After the mosquito again looked at the contents of the/ETC/MY.CNF, to confirm that it should not be the problem of this file, so go to Google to check, see MySQL in the startup will look for/ETC/MY.CNF, datadir/my.cnf,user_home/ My.cnf.
So I carried out
The code is as follows |
Copy Code |
Find/-name "MY.CNF"
|
Incredibly in/usr/local/mysql this directory found my.cnf file, so the mosquito will delete this file, and then restart the MySQL service, found that everything back to normal
Some error handling and routine maintenance
Check that the show slave status command is generally used from the server
code is as follows |
copy code |
mysql> Show SLAVE STATUSG *************************** 1. Row *************************** Slave_io_state:waiting for Master to send event master_host:192.168.0.100 master_user:root master_port:3306 Connect_retry:3 & nbsp master_log_file:mysql-bin.003 read_master_log_pos:79 relay_log_file:mysql-relay-bin. 003 Relay_ log_pos:548 Relay_master_log_file:mysql-bin. 003 Slave_io_running:yes Slave_sql_running:yes replicate_do_db: replicate_ignore_db: last_errno:0 ... |
In the information above, our main concern is slave_io_running and slave_sql_running.

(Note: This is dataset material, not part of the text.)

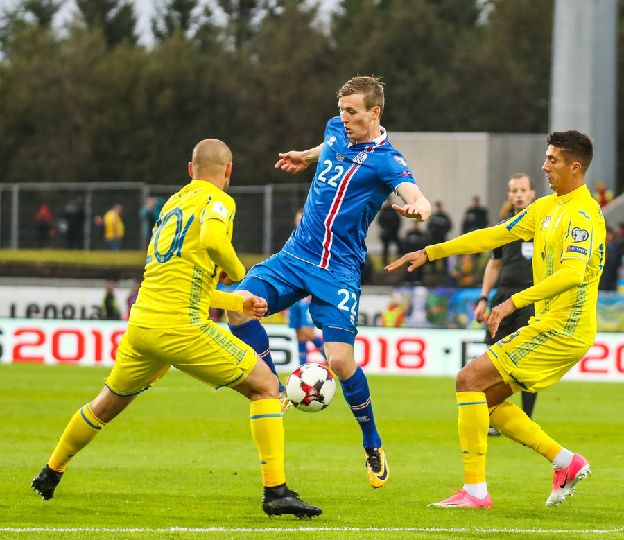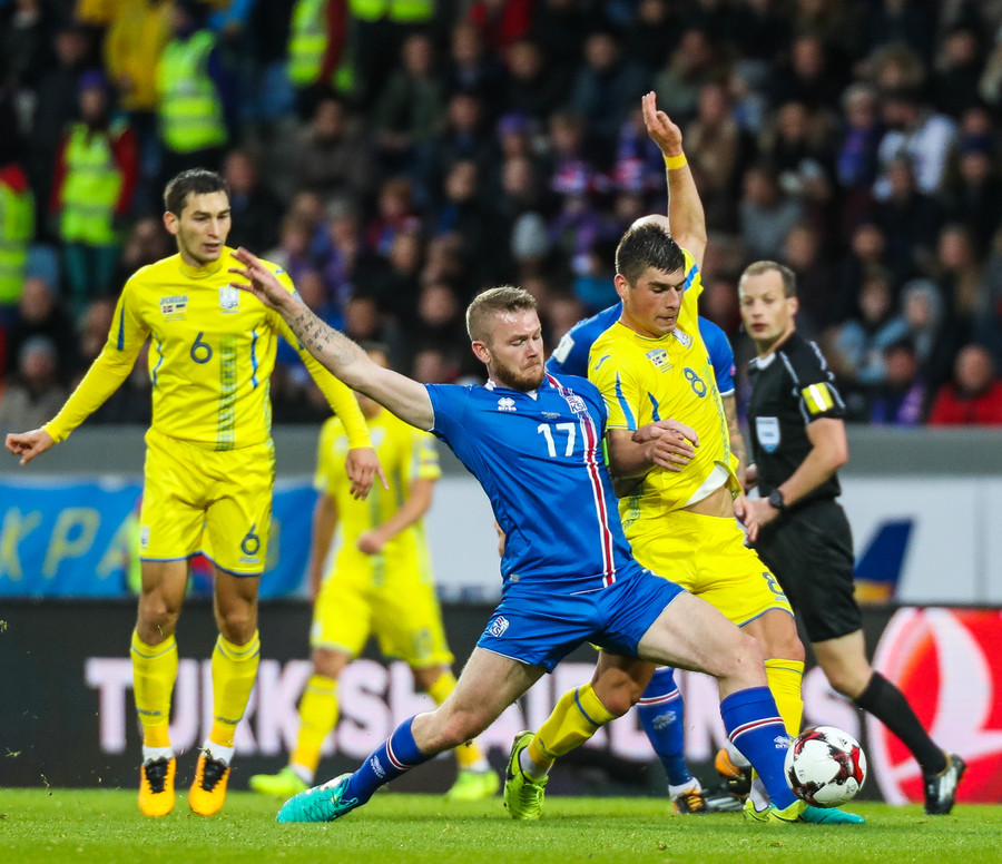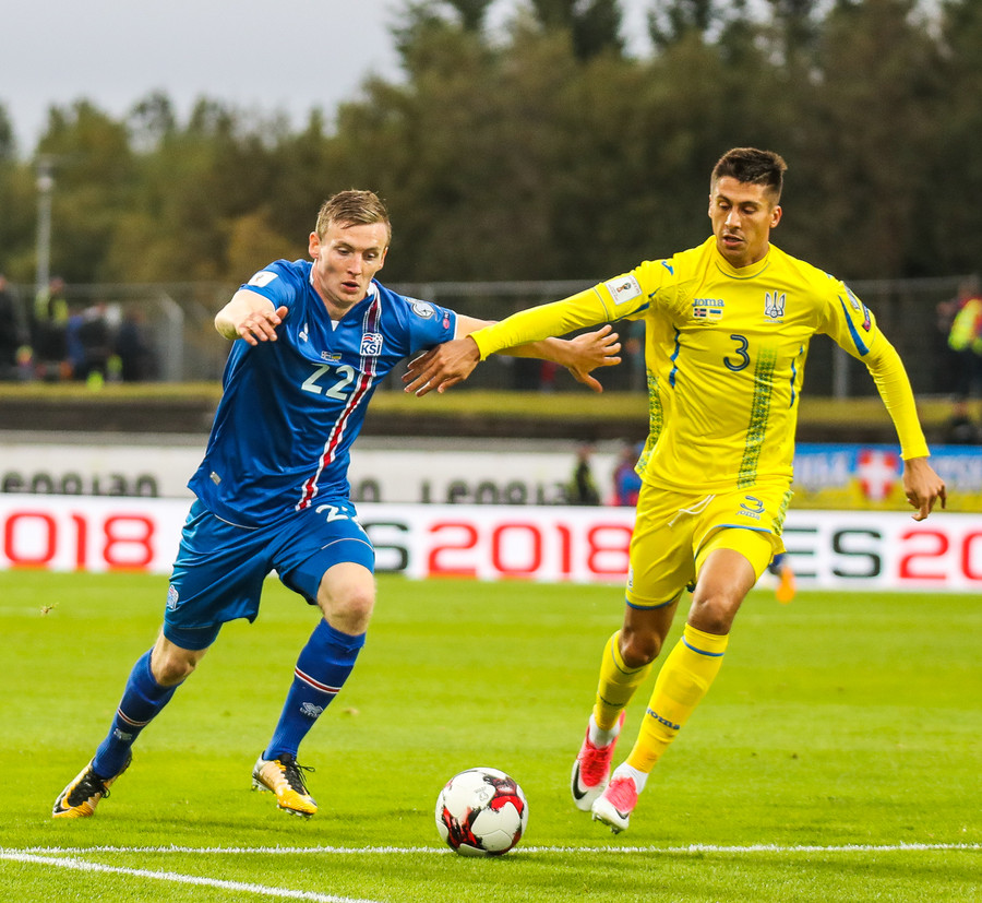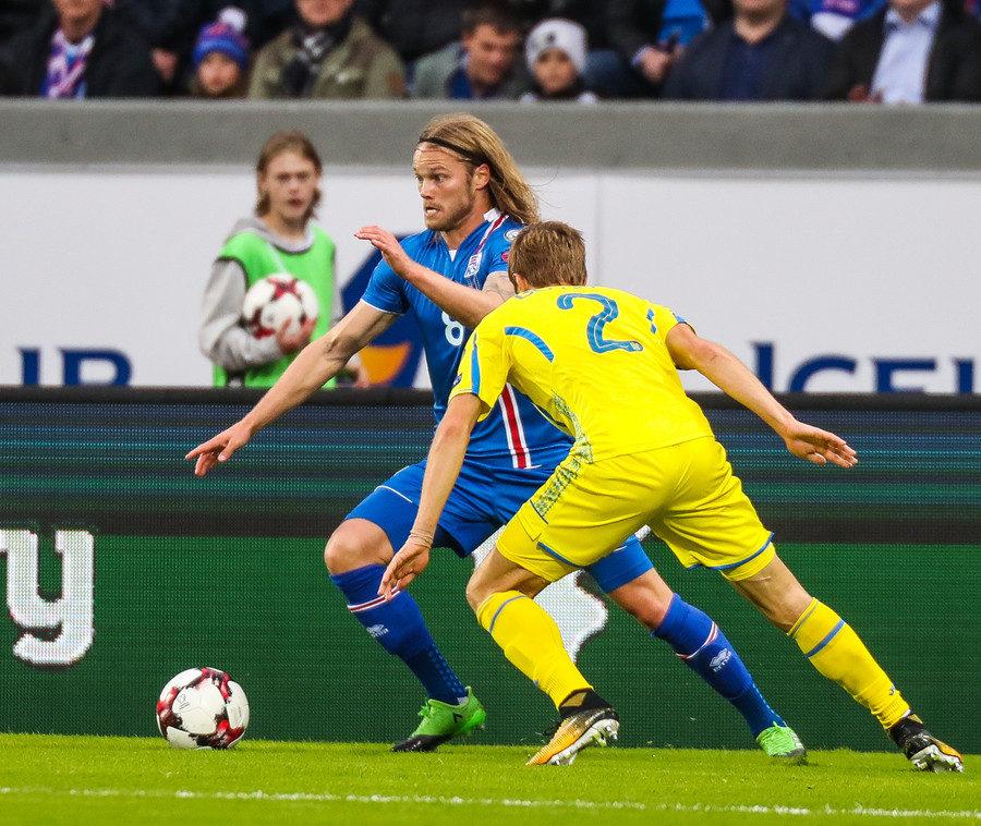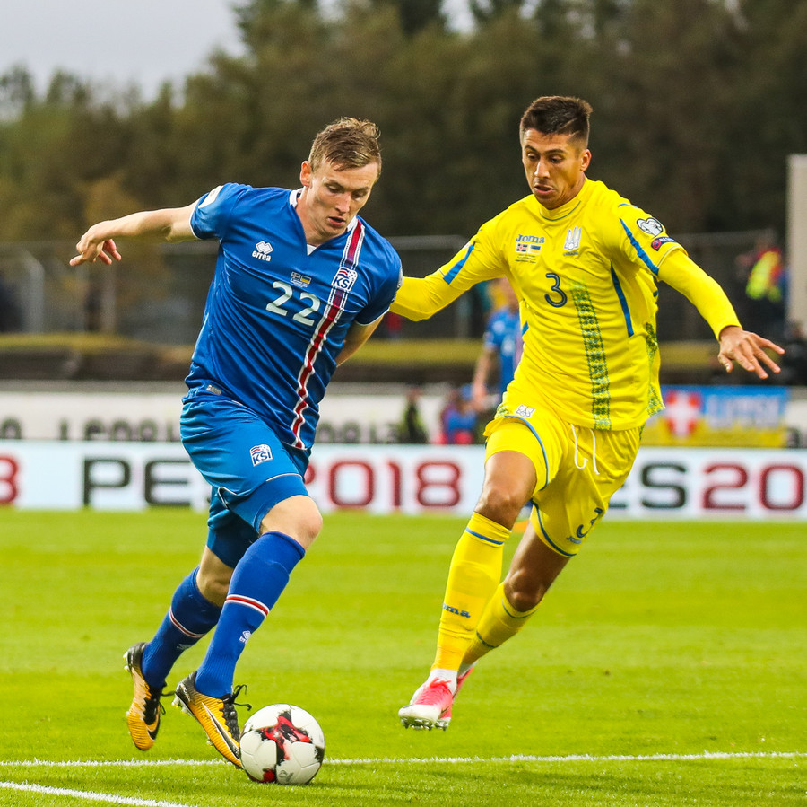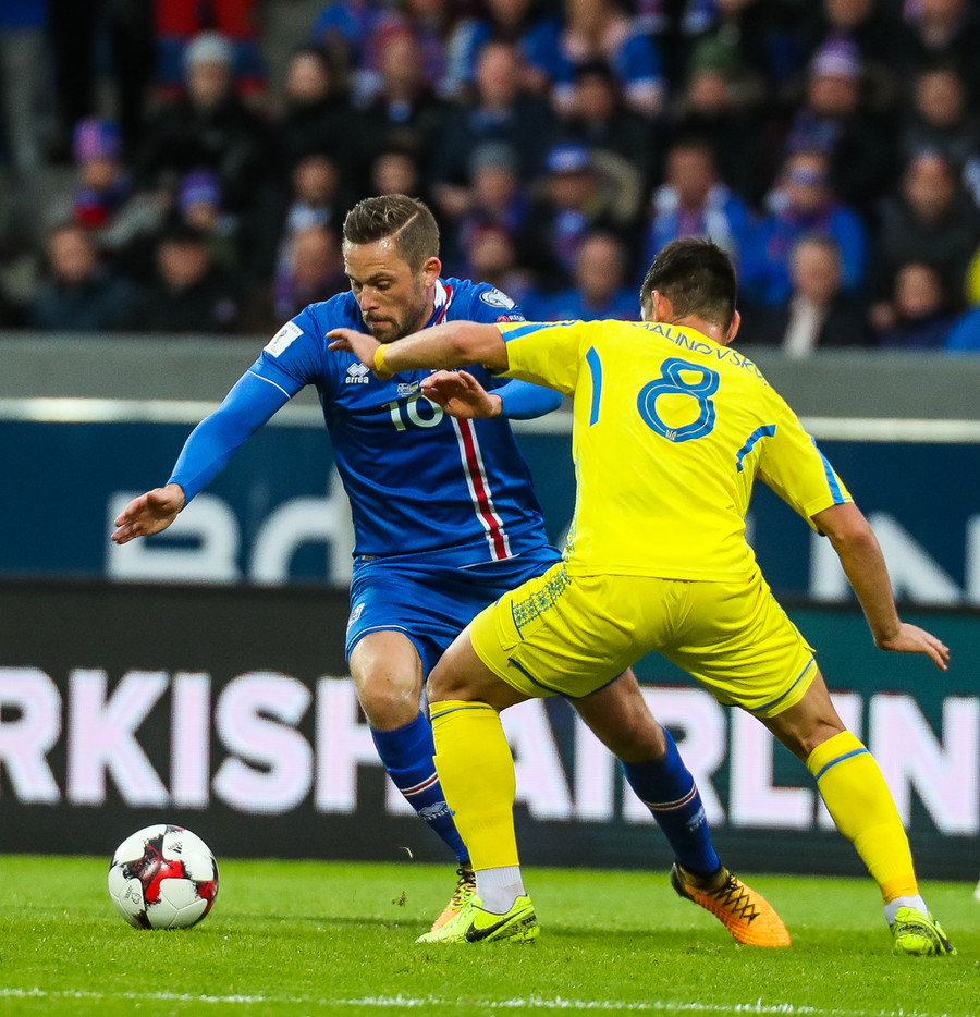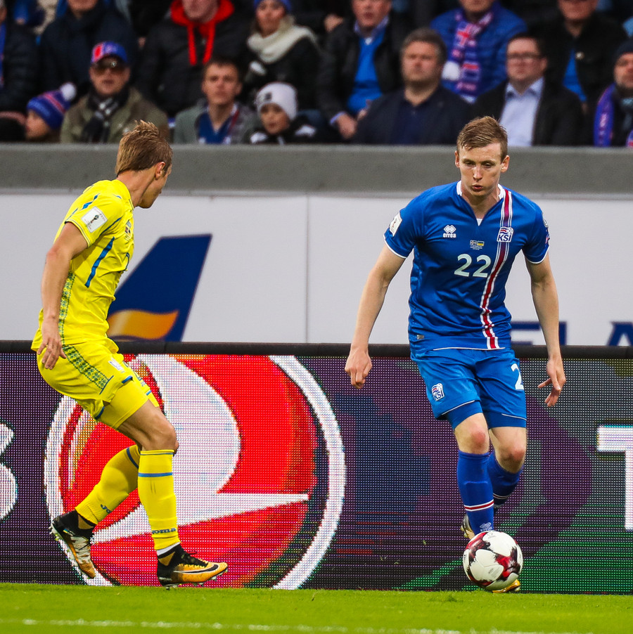 Fyrstu aukaspyrnu leiksins fá gestirnir. Gylfi Þór brýtur á Yarmolenko sem liggur í smá stund en stendur síðan upp.

Slave_io_running: Reading the Binlog log from the server from the primary server and writing the relay log from the server
Slave_sql_running: The process is reading the Binlog relay log from the server and converting it to SQL execution
Previously there was a process that was no State, indicating that the replicated process stopped, and what would be seen in Last_errno
Sometimes because the main server update is too frequent, resulting in a slow update from the server, of course, the problem is varied, there may be the structure of the network is not good or poor performance of the hardware, so that the gap between the master and the server is growing, and eventually some applications have been affected, in this case We need regular data synchronization of the master-slave server, the following steps
On the primary server
The code is as follows |
Copy Code |
Mysql> FLUSH TABLES with READ LOCK; Query OK, 0 rows affected (0.03 sec) Mysql> Show Master STATUSG; 1. Row *************************** file:mysql-bin.000004 position:102 binlog_do_db: binlog_ignore_db: 1 row in Set (0.00 sec) |
Record the name and offset of the log, which is the destination for replication from the server
From the server, use the master_pos_wait () function to get the copy coordinate value
code is as follows |
copy code |
mysql> Select master_pos_wait (' mysql-bin.000004 ', ' 102 '); +-------------------------------------------+ | master_pos_wait (' mysql-bin.000004 ', ' 102 ') | +--------- ----------------------------------+ | 0 | +-------------------------------------------+ 1 row in Set (0.00 sec) |
This SELECT statement blocks until the specified log file and offset are reached from the server, and 0 is returned, if-1, the timeout is rolled out, and the query is 0 o'clock, indicating that the server is synchronized with the primary server
In some cases, a failure to update from the server will first need to determine whether the table from the server is different from the primary server, and if it is the result of a table structure, you need to modify the table from the server and the primary server, and then rerun start slave
If it is not a different table structure caused by the failure of the update, you need to confirm that the manual update is safe, and then ignore to the Autonomic server update failure statement, jump over to the autonomous server statement, command for the set GLOBAL sql_slave_skip_counter=n, which, n= 1 means that the UPDATE statement to the autonomic server does not use Auto_increment or last_insert_id (), n=2 when it is otherwise, because the statement using Auto_increment or last_insert_id needs to obtain two events from the binary log.